**WHAT THE EXERCISE ASKS:** The result should be a word-for-word retyping of the entries below, free of pictures.

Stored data
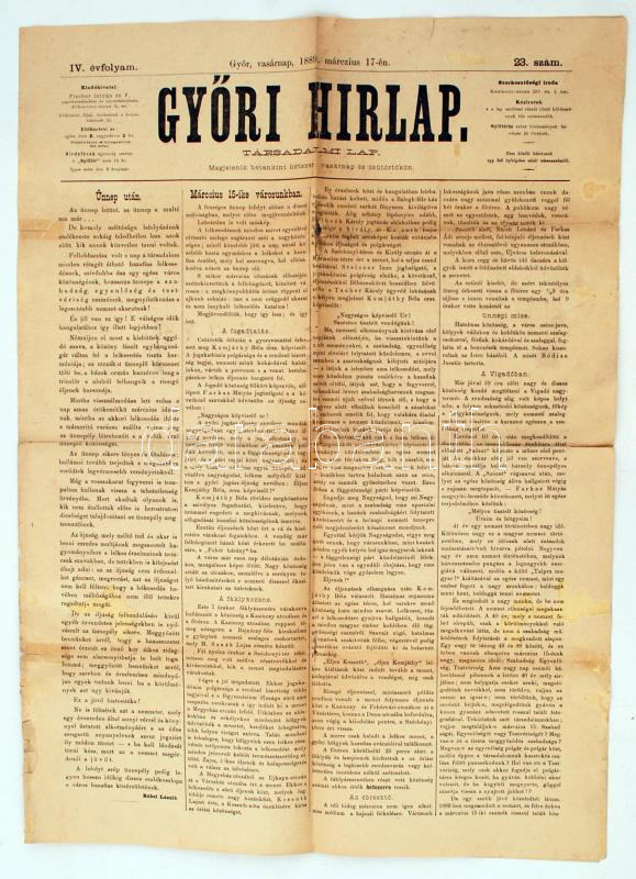 1889 a Győri Hírlap 4. évf. 23. lapszáma (márc. 17.), benne számos érd...
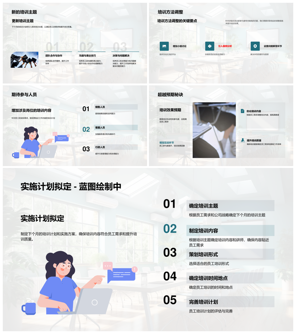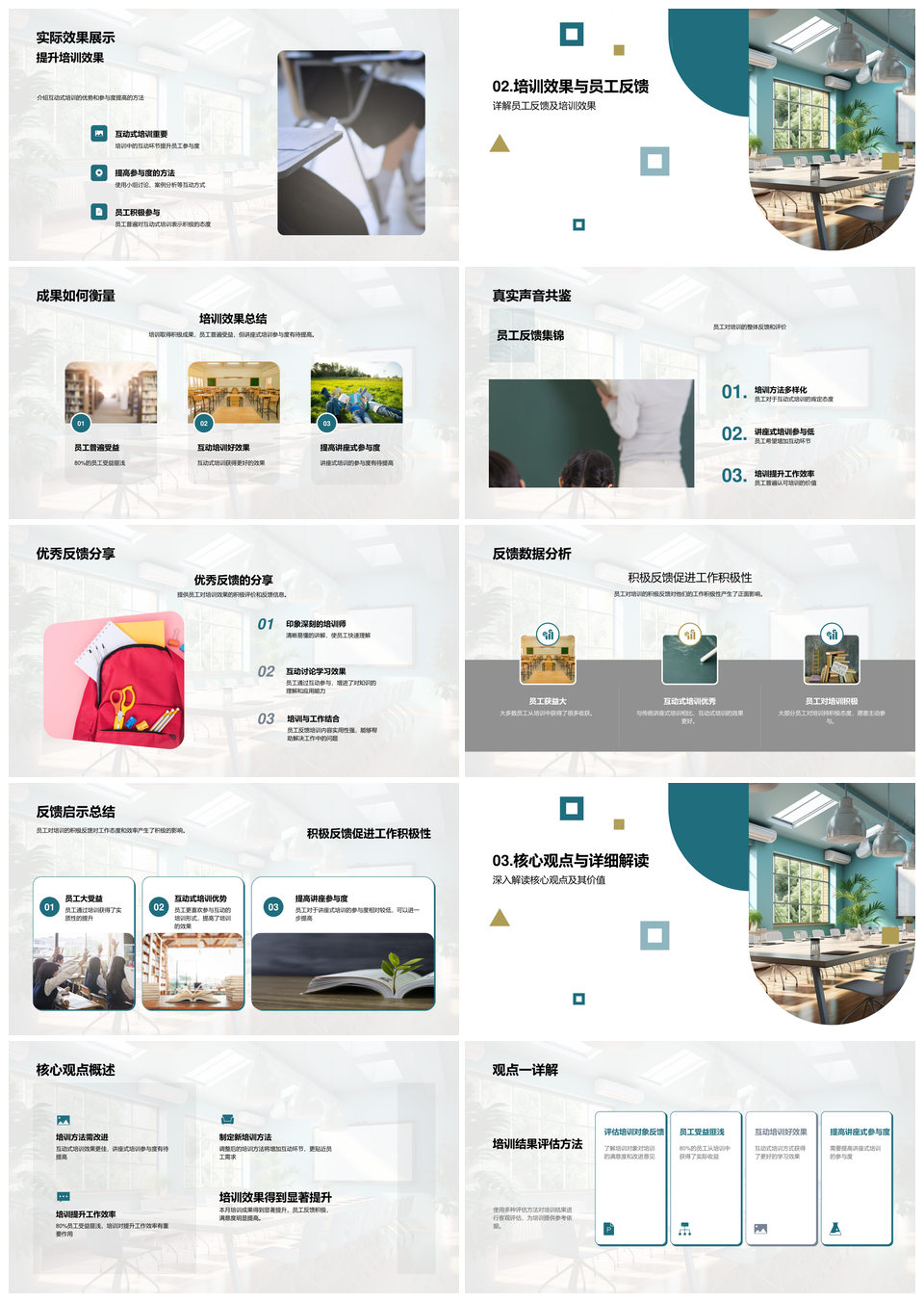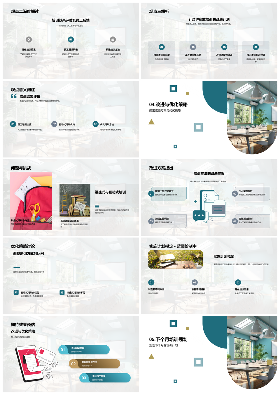 这是一张培训效果优化策略互动方法反馈实施挑战研讨会布局PPT模板,包含培训效果、优化策略、互动方法、反馈实施、挑战研讨会、布局等主题内容,也可用作培训效果优化策略互动方法、优化策略互动方法反馈实施、互动方法反馈实施挑战、反馈实施挑战研讨会布局、实施挑战研讨会布局、培训效果优化策略互动、优化策略互动方法反馈、互动方法反馈实施、反馈实施挑战、实施挑战研讨会、挑战研讨会布局、培训效果优化、优化策略互动、互动方法反馈、实施挑战等PPT场景使用。 风云办公提供的培训效果优化策略互动方法反馈实施挑战研讨会布局PPT模板,下载格式为pptx,一共33页,作品中文字及图均可以修改和编辑,图片更改请在作品中右键图片并更换,文字修改请直接点击文字进行修改。
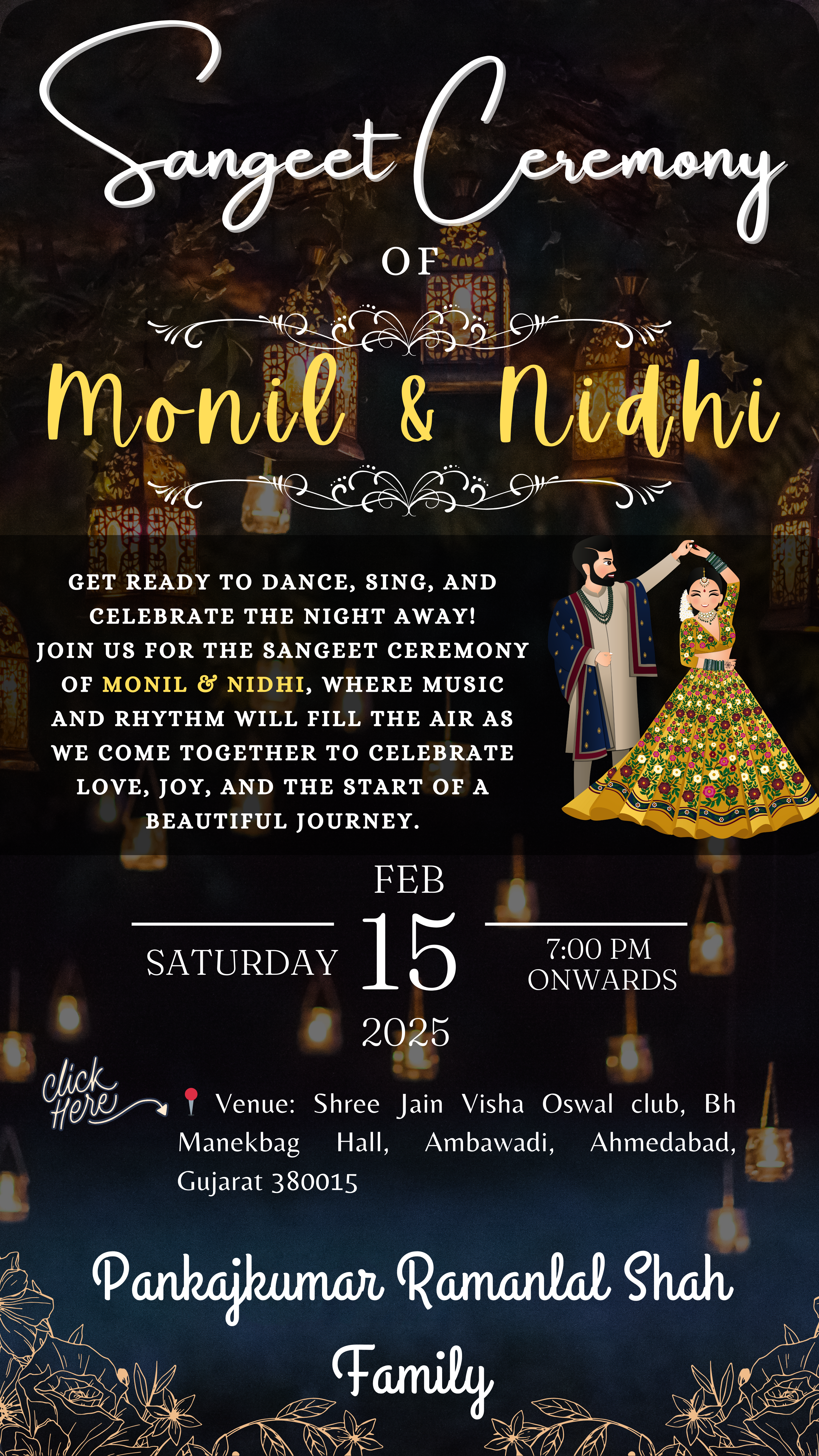 Let the rhythm take over as we celebrate the joyous union of Monil & Nidhi with a night full of music, dance, and unforgettable memories!
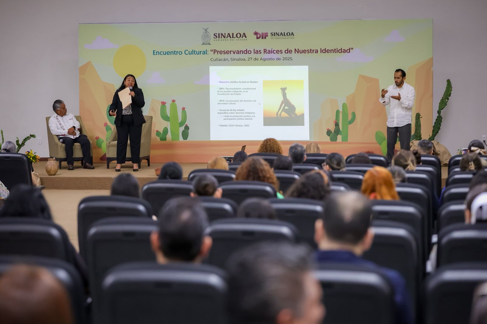 El evento concluyó con un conversatorio en el que participaron destacadas personalidades como la Lic. Celia Gastélum, el artesano yoreme Benjamín Padilla, el intérprete y promotor comunitario M.C. Marcelino Gómez, la maestra María Beatriz Gpe. Sauceda Vázquez y Juan Sauceda Leyva, todos representantes activos de distintas comunidades y lenguas indígenas. Cada uno compartió experiencias de vida y la forma en que promueven y preservan sus tradiciones tanto en Sinaloa como en otros estados e incluso países.
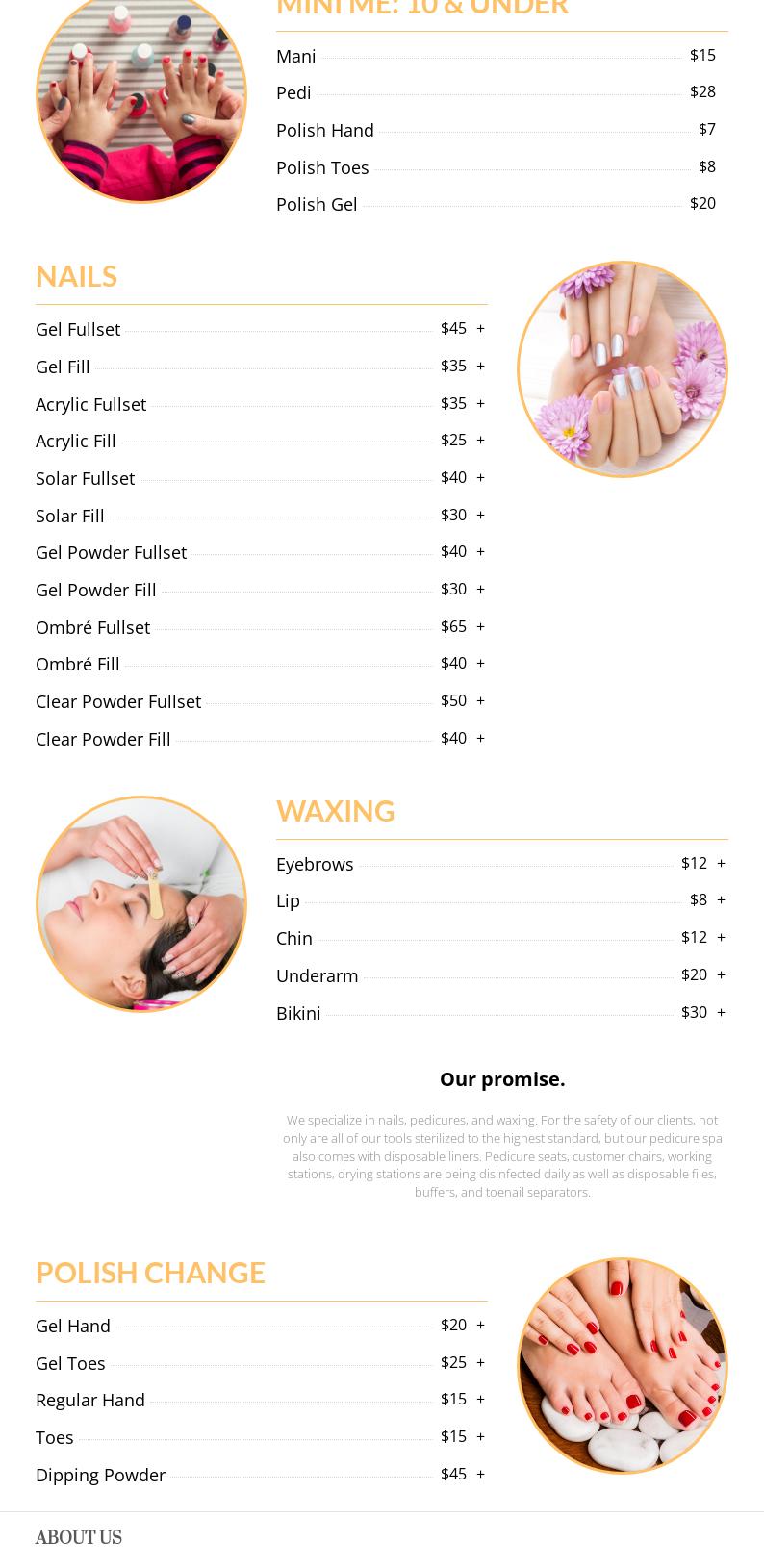 Nails Colure & Spa understands that Safety and Sanitation are very important to customers. Our implements, equipment, and electrical instruments are always thoroughly cleaned and subjected to an approved sanitizing and disinfecting process before being reused. Buffers and files are used only once, then discarded. All pedicure procedures are performed with liner protection. Our staffs were trained to follow a proper sanitization protocol that puts our customer’s cleanliness as the number one priority. Come to Nails Colure & Spa today and see how we can make a difference in you!

**TASK OUTPUT:**
 1889 a Győri Hírlap 4. évf. 23. lapszáma (márc. 17.), benne számos érd...
 这是一张培训效果优化策略互动方法反馈实施挑战研讨会布局PPT模板,包含培训效果、优化策略、互动方法、反馈实施、挑战研讨会、布局等主题内容,也可用作培训效果优化策略互动方法、优化策略互动方法反馈实施、互动方法反馈实施挑战、反馈实施挑战研讨会布局、实施挑战研讨会布局、培训效果优化策略互动、优化策略互动方法反馈、互动方法反馈实施、反馈实施挑战、实施挑战研讨会、挑战研讨会布局、培训效果优化、优化策略互动、互动方法反馈、实施挑战等PPT场景使用。 风云办公提供的培训效果优化策略互动方法反馈实施挑战研讨会布局PPT模板,下载格式为pptx,一共33页,作品中文字及图均可以修改和编辑,图片更改请在作品中右键图片并更换,文字修改请直接点击文字进行修改。
 Let the rhythm take over as we celebrate the joyous union of Monil & Nidhi with a night full of music, dance, and unforgettable memories!
 El evento concluyó con un conversatorio en el que participaron destacadas personalidades como la Lic. Celia Gastélum, el artesano yoreme Benjamín Padilla, el intérprete y promotor comunitario M.C. Marcelino Gómez, la maestra María Beatriz Gpe. Sauceda Vázquez y Juan Sauceda Leyva, todos representantes activos de distintas comunidades y lenguas indígenas. Cada uno compartió experiencias de vida y la forma en que promueven y preservan sus tradiciones tanto en Sinaloa como en otros estados e incluso países.
 Nails Colure & Spa understands that Safety and Sanitation are very important to customers. Our implements, equipment, and electrical instruments are always thoroughly cleaned and subjected to an approved sanitizing and disinfecting process before being reused. Buffers and files are used only once, then discarded. All pedicure procedures are performed with liner protection. Our staffs were trained to follow a proper sanitization protocol that puts our customer’s cleanliness as the number one priority. Come to Nails Colure & Spa today and see how we can make a difference in you!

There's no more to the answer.